The surface charges of CMI/BSA complexes under different pH values and ionic strengths were determined by the Zetasizer Nano ZS-90 instrument (Malvern Instruments Ltd., Southboro, MA, USA). All of the measurements were performed at 25 ± 1 °C.

3.9. Morphology and Visual Observation of CMI/BSA Complexes

3.9.1. Visual Observation of CMI/BSA Complexes

Insoluble and soluble CMI/BSA complexes were prepared at pH = 4.00 and 2.60, respectively. Optical pictures of insoluble and soluble CMI/BSA complexes after storage at room temperature for one week were captured while using digital camera.

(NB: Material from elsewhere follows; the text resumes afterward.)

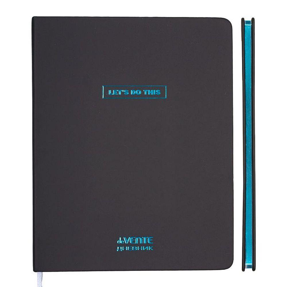 Дневник с универсальным блоком, твердой обложкой из черной искусственной кожи с тиснением цветной фольгой и цветным металлическим срезом, 1 ляссе.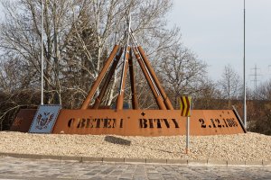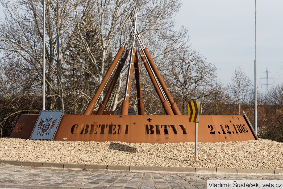 Pušky na kruhovém objezdu. Památník připomíná bitvu tří císařů, demonstruje mír. iDNES.cz, 22.1.2026)

3.9.2. Morphology of Insoluble Complexes

Images of insoluble complexes were revealed by optical microscope and scanning electron microscope. The solutions of CMI/BSA with different salts were adjusted to pH 4.0 under magnetic stirring. 1 mL of well-distributed suspension was added to glass slide, captured at a standstill for 30 min., and then observed by the microscope (Nikon Eclipse, TE2000-U, Nikon Corporation, Tokyo, Japan).

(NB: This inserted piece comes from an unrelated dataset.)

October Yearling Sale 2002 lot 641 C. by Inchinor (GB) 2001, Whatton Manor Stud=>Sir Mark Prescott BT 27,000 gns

3.9.3. Morphologies of Soluble Complexes

Images of soluble complexes (pH 2.6, 10 mM salt concentration) were obtained by atomic force microscopy (AFM). AFM morphology was obtained by scanning samples on Nanoscope IIIa Multi-Mode atomic force microscope (Veeco Instruments Inc., Santa Barbara, CA, USA) that was equipped with a silicon-etched RTESP7 cantilever (Veeco Nanoprobe, Camarillo, CA, USA). 20 μL of soluble complex solution was dripped onto a mica surface. After adsorption for 20 min., the mica was dried under a stream of nitrogen gas. Tapping mode AFM was used for collecting the images.

3.10. Statistical Analysis

All of the measurements were conducted in triplicates. One-way Analysis of Variance (ANOVA) was performed using SPSS 20 software (SPSS Inc., Chicago, IL, USA).

4. Conclusions

In summary, non-ionic inulin was successfully modified to anionic CMI. The effects of pH and ionic strength on the formation of CMI/BSA complexes were investigated. Results showed that CMI could interact with BSA to form high turbidity complexes, which can be explained by the models that were proposed by Overbeek, Veis, Dubin, and Tainaka. A similar tendency in turbidity spectra was observed in CMI/BSA and pectin/BSA complexes, suggesting that the type of substituent groups (-COO−) and charge density played an important role in polysaccharide/protein complexes system. Insoluble complexes and nanoparticles were observed in the CMI/BSA system at the third region (from pHφ1 to pHφ2). The carboxymethylation method provided a short-chain functional neutral polysaccharide the opportunity to participate in polysaccharide/protein complex formation. The derivatives with a fixed degree of substitution could form different shapes of complexes with protein via electrostatic and hydrogen bonding interactions. Additionally, these interactions resulted in a change in the secondary structure of BSA. Different morphologies of CMI/BSA complexes were the results from the competition between electrostatic attraction and entropy effects. Until now, most studies have focused on soluble nanocomplexes generated at pHc and insoluble complexes formed at pHφ1. However, little attention has been paid to soluble complexes occurring at pHφ2. CMI/BSA nanocomplexes that formed at pHφ2 provided a novel delivery system to encapsulate nutraceuticals and flavors for health-promotion purpose in common supplementary food, such as beverage or yogurt. Hence, further researches on stability, rheology, and the applications of these nanoparticles are in progress.